14. The blower of claim 1, wherein the second case includes:

a tower base connected to the first case;

a first tower extending upward from the tower base and having a first discharge port;

a second tower extending upward from the tower base and having a second discharge port,

a blowing space formed between the first and second towers;

a third discharge port formed at the tower base and opened in a vertical direction; and

a guide vane provided at the third discharge port.

15. The blower of claim 14, wherein the third discharge port extends in a front-rear direction at an upper surface of the tower base, and a plurality of the guide vanes are spaced apart from each other in an extension direction of the third discharge port.

16. The blower of claim 14, wherein the flow guide is inclined toward a front side with respect a vertical direction.

17. The blower of claim 14, further comprising a diffuser provided above the fan to guide air discharged from the fan upward, wherein the third discharge port and the guide vane are provided above the diffuser.

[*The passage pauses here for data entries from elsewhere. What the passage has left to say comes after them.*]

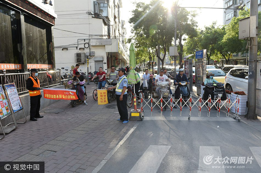 5月26日,在濟南山大北路二環(huán)東路路口,4個方向的非機動車道路口停車線上均多了一個伸縮護欄、一條攔阻繩,攔阻繩上寫著“不要闖紅燈 不要越線停車”,不少非機動車被攔在護欄后,等待綠燈時放行通過。按照事前約定好的分工,路口的協(xié)勤和文明交通志愿者一位操作護欄,一位操作攔阻繩,每當黃燈時便開始準備,紅燈時拉開,阻止行人、非機動車闖紅燈、越線停車。攔阻繩和伸縮護欄設(shè)置后,市民遵章守法的概率大大提高,經(jīng)過勸阻提示,市 民了解了自己應該如何遵守交通秩序,路口的交通情況得到了改善。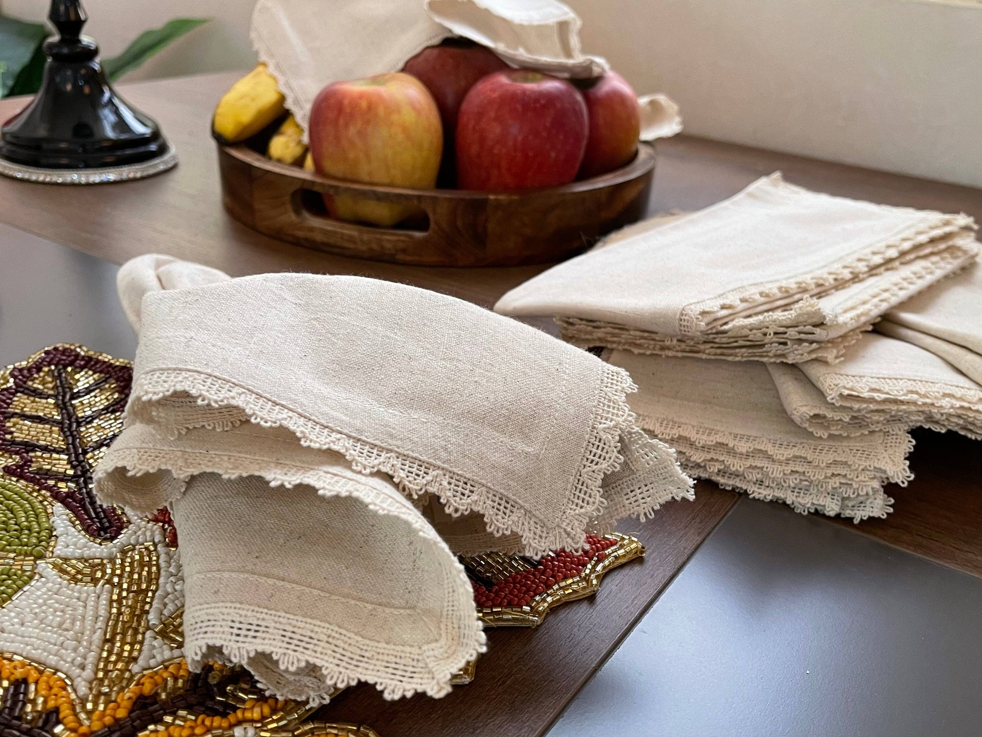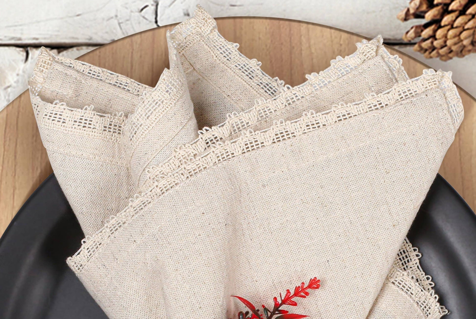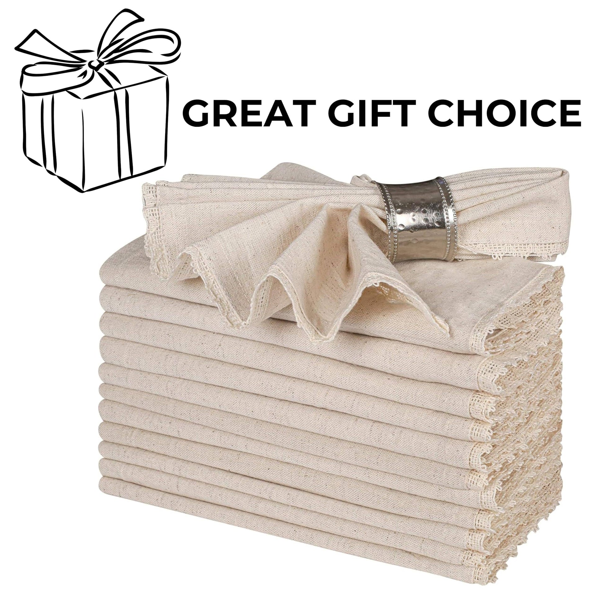 Flax Linen Cotton Cloth Dinner Napkin 18x18 With Lace 18x18" Linen Wedding Napkins, Set Of 12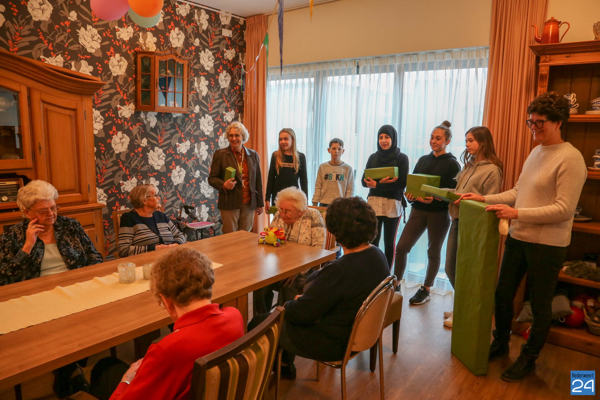 Oliwia uit klas 2a vertelde hoe we aan de opbrengst waren gekomen en de andere vier leerlingen, Bente uit klas 2a, Julian, Lisa en Fatima uit klas 1b/p overhandigden de spellen. Het was prachtig om te zien hoe de cliënten nieuwsgierig de cadeaus openmaakten en met de spellen gingen spelen. De leerlingen genoten van de blije gezichten van de ouderen en hebben erg veel zin om tijdens de activiteitenmiddag met de ouderen deze spellen te gaan spelen. Enkele verzorgers en vrijwilligsters kwamen belangstellend kijken.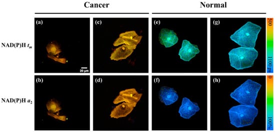 Each column shows the FLIM images of cervical cancer from four participants: One row represents tm value from the NAD(P)H, and another row shows the a2 values from NAD(P)H. Lifetime values are shorter in cancerous cells than in normal cells because cancer cells tend to undergo glycolysis rather than oxidative phosphorylation. (a−d) samples are from cervical cancer patients and (e−h) samples are from normal patient. Reprinted with permission from [38] under the terms of the CC BY 4.0 license.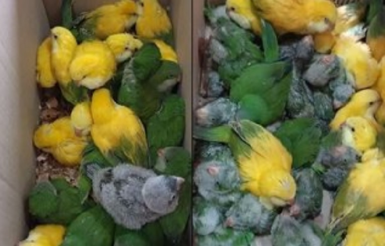 94 cotorras sin comida ni agua eran transportadas en una caja de cartón, escondidas en una camioneta. Por ello, el conductor del vehículo fue apercibido por infringir la Ley 22.421 de Conservación de Fauna.
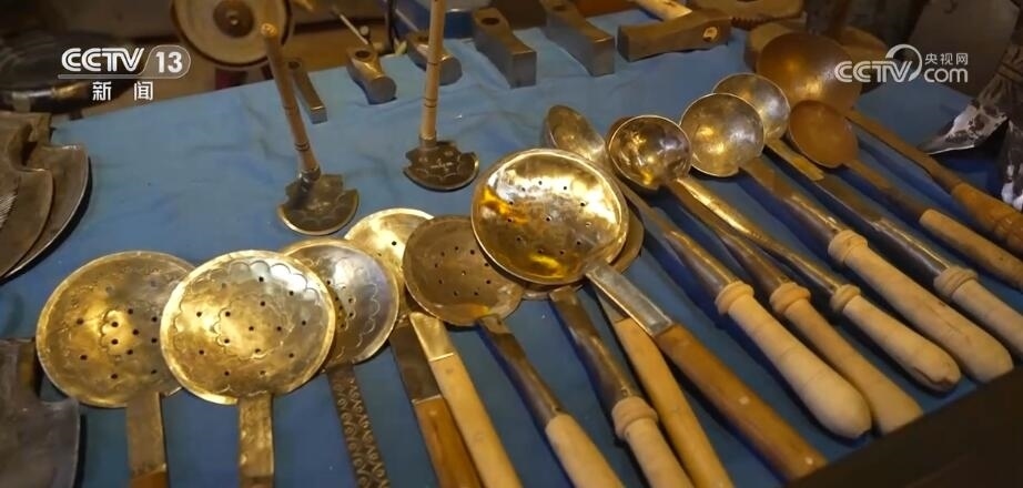 總臺記者 劉菲:如今的古城最吸引人們的并非熱鬧的商業(yè)街,而是一個個非物質(zhì)文化遺產(chǎn)的手工制作,現(xiàn)在在古城里有20多種的非遺制作。在很多年前我曾經(jīng)來過這里,這里就是一個小小的鐵匠鋪,而如今再來到這兒,已經(jīng)變成了一個打鐵技藝的展示館。小到一個湯勺,大到生產(chǎn)農(nóng)具,聽著這打鐵的聲音,也仿佛把我?guī)Щ亓水斈辍?/p>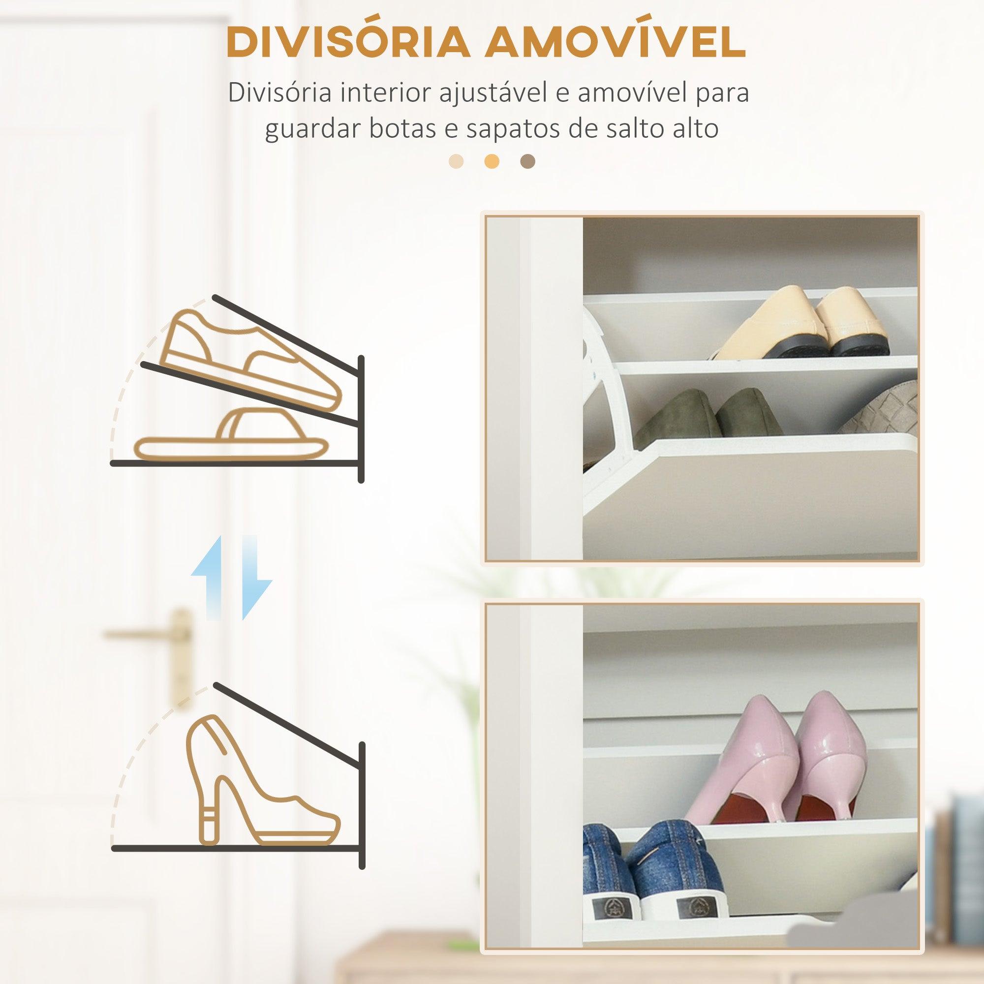 Este zapatero blanco de la marca Homcom es la opción perfecta para organizar tu hogar de manera práctica y eficiente. Con un diseño compacto, ideal para entradas pequeñas o pasillos estrechos, ofrece una solución de almacenamiento funcional sin ocupar mucho espacio. Fabricado con melamina de madera, es resistente y de fácil mantenimiento, lo que garantiza su durabilidad a lo largo del tiempo. El zapatero cuenta con dos cajones abatibles, cada uno con estantes ajustables en dos niveles, proporcionando capacidad para hasta 12 pares de zapatos de tamaño estándar. Las asas de ranura permiten abrir y cerrar los cajones con facilidad, facilitando el acceso a tus zapatos.

18. The blower of claim 14, wherein an upper surface of the tower base has a concave curvature between the first tower and the second tower, and the third discharge port is formed at the upper surface of the tower base.

19. The blower of claim 1,

wherein the second case comprises: a first tower; and a second tower spaced apart from the first tower to form a blowing space therebetween,

wherein the discharge port comprises: a first discharge port extending obliquely in a vertical direction at the first tower; and a second discharge port extending obliquely in a vertical direction at the second tower, and

wherein the flow guide comprises: a first flow guide provided inside the first tower and extending in a direction different from an extension direction of the first discharge port; and a second guide provided inside the second tower and extending in a direction different from an extension direction of the second discharge port.

20. The blower of claim 19, wherein:

the first tower includes a first inner wall curved toward the blowing space and on which the first discharge port is formed,

the second tower includes a second inner wall curved toward the blowing space and on which the second discharge port is formed, and

each of the first flow guide and the second flow guide comprises a guide inner end contacting the first inner wall or the second inner wall.